- Born: Sukalawat Phuangsombat 30 October 2005 (age 20) Chachoengsao, Thailand
- Genres: Hip-hop;
- Occupation: Singer
- Instruments: Vocal; autotune;
- Years active: 2020–present

= Sprite (rapper) =

Thai rapper (born 2005)

Sukalawat Phuangsombat (ศุกลวัฒน์ พวงสมบัติ; born 30 October 2005), nicknamed Sprite (สไปร์ท), is a Thai rapper.

== History ==
Sukalawat Phuangsombat was born on 30 October 2004 at Chachoengsao as an older child of a family of 2 children. His family was moderately wealthy. His father worked in a company while his mother worked at a hospital. He and his family often spends their weekends earning money to support the family, often selling things at flea markets and festivals. Sukollawat is patient in earning money and is determined to study.
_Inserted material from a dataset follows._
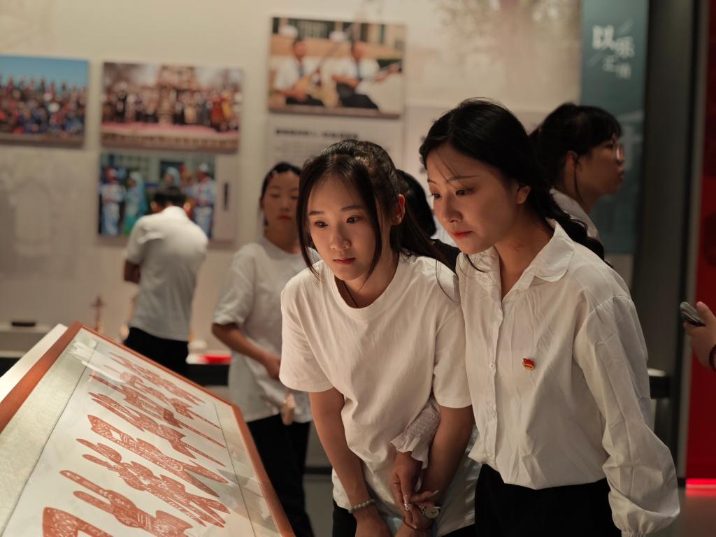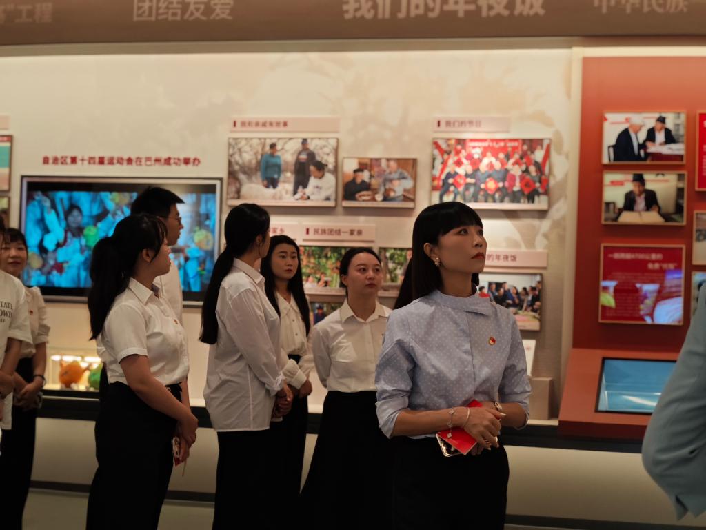 在讲解员的引导和讲解下,以铸牢中华民族共同体意识为主线,沿着巴州各民族交往、交流、交融的历史脉络,大家依次参观了“共筑家园”“共同奋斗”“共创繁荣”“共圆梦想”四个篇章主题展,通过图片展示、视频展播、互动体验等展陈方式,领略了巴州民族团结进步事业发展的宏伟篇章。

Sukollawat began his secondary education at Phra Phimon Seni School (Prom Hongsakul).

Sukalawat became famous after he joined the Super Ten Season 2 competition in singing Lukthung songs, which he had practiced, until he became a topic of discussion in online society.

Sukalawat's song with GUYGEEGEE "Thon (ทน)" has generated over 400 million views.

== Discography ==

=== EPs ===

- My Type (2024)

=== Digital singles ===

- "ไอ้ต้าว" (2020)
- "ดาวดึงส์" (2021)
- "บังอร" (2021)
- "ย้าย" (2021)
- "Kiminoto" (2022)
- "ไอ้หนุ่ย" (2022)
- "BTS" (2022)
- "Rak Krai Mai Pen" (2022)
- "สาวเมืองน่าน" (2023)
- "Deity" (2023)
- "Bad" (2023)
- "Jiggo" (2023)
- "คนละมอง" (2023)
- "สองล้อไม่ง้อสองรัก" (2024)

=== Special singles ===

- "เพชรเม็ดโต" (2020)
- "ปิก้า ปิก้า" (2020)
- "เดียวดาย" (2020)
- "Uzi" (2020)
- "สตาร์ตดียกแก๊ง" (2021)

=== Collaborations ===

- "ตะขาบ" (with Various artists) (2020)
- "Trap in the Jungle" (with GUYGEEGEE) (2020)
- "Trust Again" (with Matthaios, Raisa, & YonnyBoii) (2021)
- "อิตา อิตา" (with OG BOBBY & DON KIDS) (2021)
- "ทน" (with GUYGEEGEE) (2021)
- "7777777" (with Various artists) (2021)
- "ปิ้ว ปิ้ว" (with GUYGEEGEE) (2021)
- "ทน (Songkran Remix)" (with GUYGEEGEE) (2022)
- "ปิ้ว ปิ้ว (Songkran Remix)" (with GUYGEEGEE) (2022)
- "XOXO" (with Repezen Foxx) (2022)
- "HYPE TRAIN Cypher - All HYPE TRAIN Artists" (with Various artists) (2023)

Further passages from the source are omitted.